The stone matches that of his wife, Joan, to the left in the picture. Both are of Portland stone, both beautifully lettered, and both bear carved olive branches, Paddy's curving the opposite way to Joan's, but pointing towards hers, as hers now points towards his. The back of Paddy's stone is carved with the four points of the compass, a touch that makes the grave easy to navigate towards as one crosses Dumbleton churchyard.
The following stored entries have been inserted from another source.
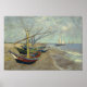 Fischerboote am Strand von Les Saintes-Maries-de-la-Mer von Vincent van Gogh, 1888. Vincent van Gogh war ein niederländischer postimpressionistischer Maler, der zu den bekanntesten und einflussreichsten Persönlichkeiten in der Geschichte der Western-Kunst gehört. In etwas mehr als einem Jahrzehnt hat er ungefähr 2100 Kunstwerke erschaffen, darunter etwa 860 Ölgemälde, die meisten davon in den letzten zwei Jahren seines Lebens. Sie umfassen Landschaften, Stillleben, Portraits und Selbstporträts und sind durch kühne, symbolische Farben und dramatische, impulsive und ausdrucksstarke Pinsel charakterisiert, die zu den Fundamenten der modernen Kunst beitrugen. Er verkaufte nur ein Gemälde während seines Lebens und wurde nach seinem Selbstmord, dem Alter von 37 Jahren nach Jahren der Armut und psychischen Erkrankungen berühmt.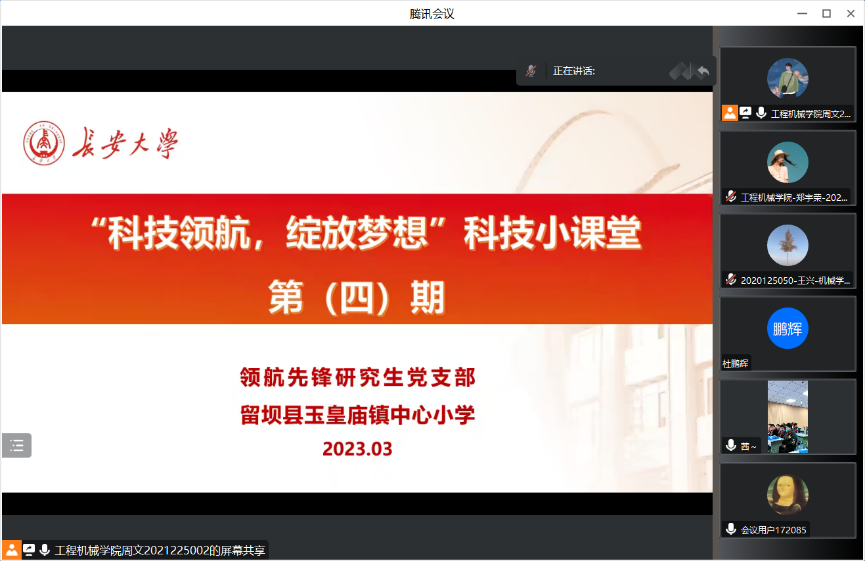 2023年3月23日,我院领航先锋研究生党支部为留坝县玉皇庙镇中心小学在线开展“科技领航,绽放梦想”科技小课堂第四期——《电路小实验》。此次主讲人为党支部成员杜鹏辉、李涛。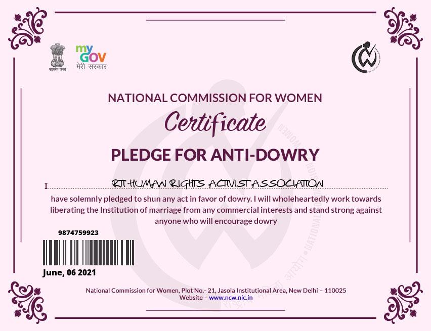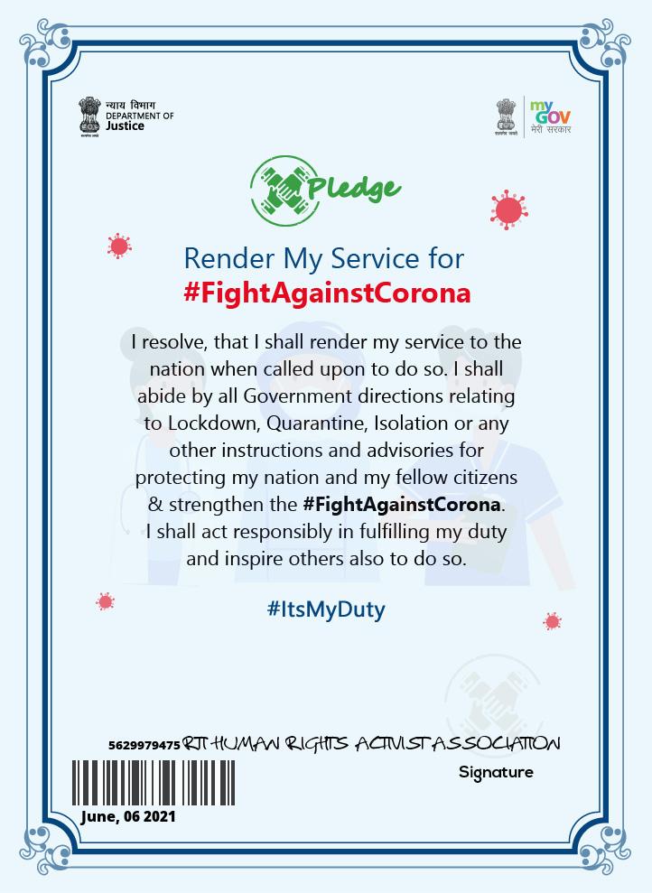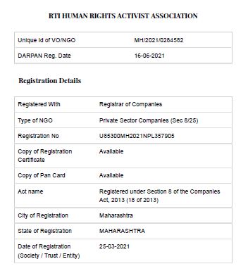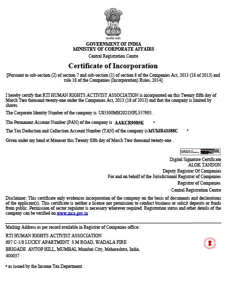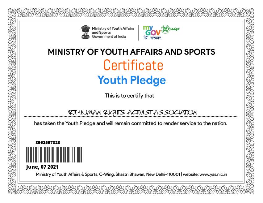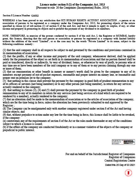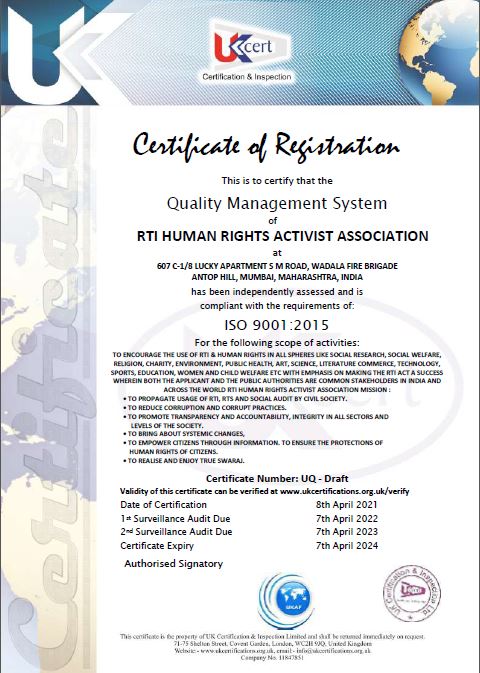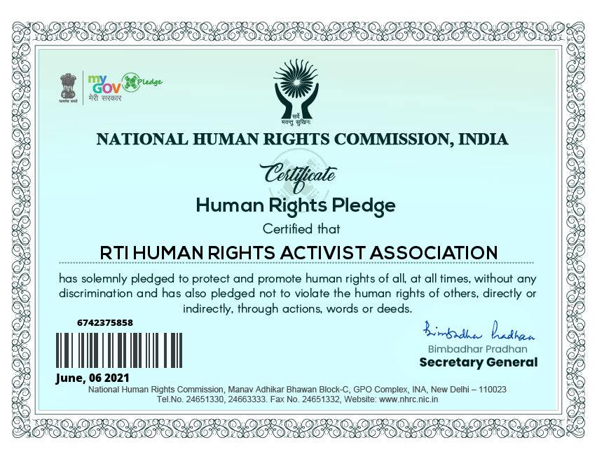 RTI Human Rights Activist Association is an ISO Certified Legal Aid & Social Service providing organization registered under MCA Govt. Of India and NITI Aayog Govt. Of India, MSME & ISO 9001 : 2015 CERTIFIED, N.C.T and also accredited with UNO with the sole purpose of legal empowerment and access to justice for everyone.

Naturally, there is a line of Greek. Tom Sawford's excellent blog on Patrick Leigh Fermor translates the line as 'He was of that excellence which is of Greece', adding that it is a line in a poem by the great Alexandrian poet C P Cavafy. Looking at the volume of translated Cavafy poems on my shelves, I take it to be an extract from 'Epitaph of Antiochus, King of Kommagini' (if I have got this wrong, I'd welcome correction from the Greek scholars out there). In Edmund Keeley and Philip Sherrard's looser translation, the relevant passage of the poem comes out like this:
He was just, wise, and courageous.
In addition he was that best of all things, Hellenic –
mankind has no quality more precious...
Various other translators try alternatives to 'Hellenic', including 'a Greek', 'a Hellene', 'Greek-souled', and 'Greek-cultured'. But perhaps the best bit is the following, and final, line: 'everything beyond that belongs to the gods'.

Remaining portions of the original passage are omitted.